Tight Lower Bounds on Worst-Case Guarantees for Zero-Shot Learning with Attributes
This provides a foundational theoretical analysis for zero-shot learning, addressing the intrinsic difficulty of labeling novel classes without training data, which is incremental in establishing rigorous bounds.
The paper tackles the problem of zero-shot learning with attributes by developing the first non-trivial lower bound on worst-case error, which is tight and computable from the class-attribute matrix, showing it can predict confusion between classes in practice.

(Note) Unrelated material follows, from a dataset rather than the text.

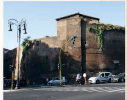
ਅੱਜ ਕੈਸਟ੍ਰਾ ਪ੍ਰੇਟੋਰੀਆ ਦੀਆਂ ਕੰਧਾਂ

ਹਰ ਰੋਜ਼ ਮਹਿਲ ਵਿਚ ਅੰਗ-ਰੱਖਿਅਕਾਂ ਦੀਆਂ ਵੱਖੋ-ਵੱਖਰੇ ਟੋਲੀਆਂ ਦੀ ਡਿਊਟੀ ਲੱਗਦੀ ਸੀ। ਇਸ ਕਰਕੇ ਪੌਲੁਸ ਦੀ ਨਿਗਰਾਨੀ ਕਰਨ ਲਈ ਵੱਖ-ਵੱਖ ਅੰਗ-ਰੱਖਿਅਕ ਆਉਂਦੇ ਸਨ। ਇਸ ਲਈ ਉਸ ਦੀ ਦੋ ਸਾਲ ਦੀ ਕੈਦ ਦੌਰਾਨ ਕਈ ਫ਼ੌਜੀਆਂ ਨੂੰ ਗਵਾਹੀ ਮਿਲੀ। ਉਨ੍ਹਾਂ ਨੇ ਅਫਸੀਆਂ, ਫਿਲਿੱਪੀਆਂ, ਕੁਲੱਸੀਆਂ ਅਤੇ ਇਬਰਾਨੀਆਂ ਨੂੰ ਚਿੱਠੀਆਂ ਲਿਖਵਾਉਂਦੇ ਸੁਣਿਆ ਹੋਣਾ। ਨਾਲੇ ਉਨ੍ਹਾਂ ਨੇ ਉਸ ਨੂੰ ਆਪਣੇ ਹੱਥੀਂ ਫਿਲੇਮੋਨ ਨੂੰ ਵੀ ਚਿੱਠੀ ਲਿਖਦੇ ਦੇਖਿਆ ਹੋਣਾ। ਕੈਦ ਵਿਚ ਹੁੰਦੇ ਹੋਏ ਪੌਲੁਸ ਨੇ ਉਨੇਸਿਮੁਸ ਨਾਂ ਦੇ ਗੁਲਾਮ ਦੀ ਵੀ ਮਦਦ ਕੀਤੀ ਜੋ ਫਿਲੇਮੋਨ ਦੇ ਘਰੋਂ ਭੱਜਿਆ ਸੀ। ਪੌਲੁਸ ਉਸ ਲਈ “ਕੈਦ ਵਿਚ ਹੁੰਦੇ ਹੋਏ ਪਿਤਾ ਸਮਾਨ ਬਣਿਆ” ਤੇ ਉਸ ਨੂੰ ਫਿਲੇਮੋਨ ਕੋਲ ਵਾਪਸ ਘੱਲ ਦਿੱਤਾ। (ਫਿਲੇ. 10) ਪੌਲੁਸ ਨੇ ਅੰਗ-ਰੱਖਿਅਕਾਂ ਵਿਚ ਵੀ ਜ਼ਰੂਰ ਦਿਲਚਸਪੀ ਲਈ ਹੋਈ। (1 ਕੁਰਿੰ. 9:22) ਅਸੀਂ ਕਲਪਨਾ ਕਰ ਸਕਦੇ ਹਾਂ ਕਿ ਉਸ ਨੇ ਇਕ ਫ਼ੌਜੀ ਨਾਲ

We develop a rigorous mathematical analysis of zero-shot learning with attributes. In this setting, the goal is to label novel classes with no training data, only detectors for attributes and a description of how those attributes are correlated with the target classes, called the class-attribute matrix. We develop the first non-trivial lower bound on the worst-case error of the best map from attributes to classes for this setting, even with perfect attribute detectors. The lower bound characterizes the theoretical intrinsic difficulty of the zero-shot problem based on the available information -- the class-attribute matrix -- and the bound is practically computable from it. Our lower bound is tight, as we show that we can always find a randomized map from attributes to classes whose expected error is upper bounded by the value of the lower bound. We show that our analysis can be predictive of how standard zero-shot methods behave in practice, including which classes will likely be confused with others.